*** Extracted data

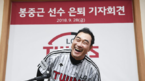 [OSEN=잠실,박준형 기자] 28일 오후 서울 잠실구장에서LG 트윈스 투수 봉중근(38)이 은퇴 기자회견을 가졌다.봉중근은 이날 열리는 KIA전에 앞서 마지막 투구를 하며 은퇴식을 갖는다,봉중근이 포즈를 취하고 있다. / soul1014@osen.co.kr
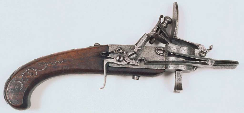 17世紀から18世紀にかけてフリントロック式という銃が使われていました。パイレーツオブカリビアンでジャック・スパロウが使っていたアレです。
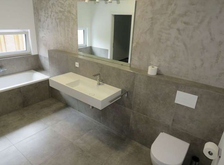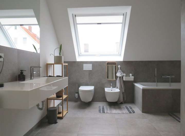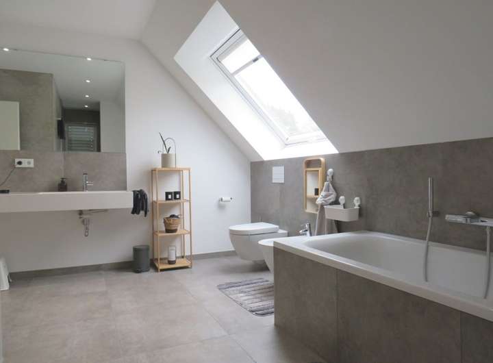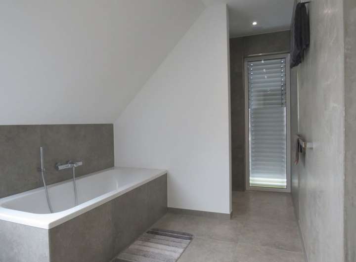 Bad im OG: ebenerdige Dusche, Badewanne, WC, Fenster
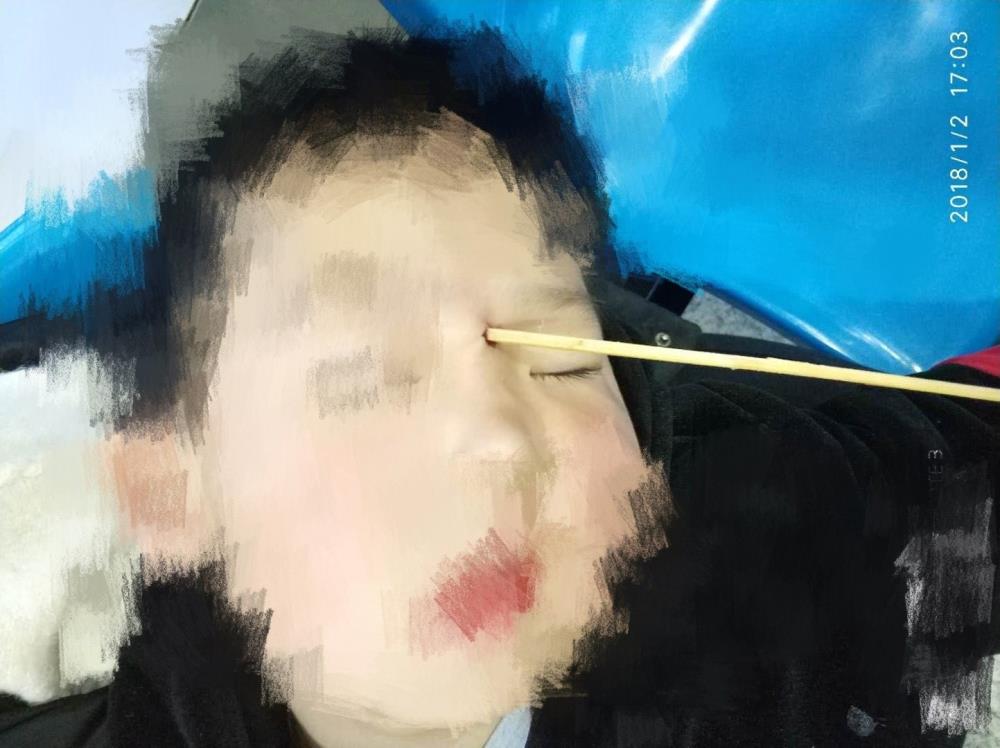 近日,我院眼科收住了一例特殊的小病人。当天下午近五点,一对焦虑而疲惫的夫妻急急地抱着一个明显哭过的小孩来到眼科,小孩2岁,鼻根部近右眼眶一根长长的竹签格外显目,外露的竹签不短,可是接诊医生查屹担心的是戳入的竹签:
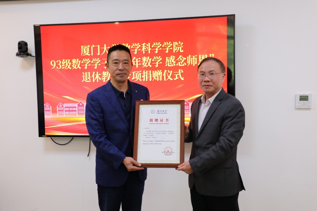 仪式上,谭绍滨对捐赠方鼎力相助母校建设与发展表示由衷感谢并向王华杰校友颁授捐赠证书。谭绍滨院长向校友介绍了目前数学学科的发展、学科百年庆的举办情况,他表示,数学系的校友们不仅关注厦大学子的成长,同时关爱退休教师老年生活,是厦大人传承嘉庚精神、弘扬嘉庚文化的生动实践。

******

Goal of the exercise: An exact retyping of the entries, without images, is the required answer.

Exercise solution:
 [OSEN=잠실,박준형 기자] 28일 오후 서울 잠실구장에서LG 트윈스 투수 봉중근(38)이 은퇴 기자회견을 가졌다.봉중근은 이날 열리는 KIA전에 앞서 마지막 투구를 하며 은퇴식을 갖는다,봉중근이 포즈를 취하고 있다. / soul1014@osen.co.kr
 17世紀から18世紀にかけてフリントロック式という銃が使われていました。パイレーツオブカリビアンでジャック・スパロウが使っていたアレです。
 Bad im OG: ebenerdige Dusche, Badewanne, WC, Fenster
 近日,我院眼科收住了一例特殊的小病人。当天下午近五点,一对焦虑而疲惫的夫妻急急地抱着一个明显哭过的小孩来到眼科,小孩2岁,鼻根部近右眼眶一根长长的竹签格外显目,外露的竹签不短,可是接诊医生查屹担心的是戳入的竹签:
 仪式上,谭绍滨对捐赠方鼎力相助母校建设与发展表示由衷感谢并向王华杰校友颁授捐赠证书。谭绍滨院长向校友介绍了目前数学学科的发展、学科百年庆的举办情况,他表示,数学系的校友们不仅关注厦大学子的成长,同时关爱退休教师老年生活,是厦大人传承嘉庚精神、弘扬嘉庚文化的生动实践。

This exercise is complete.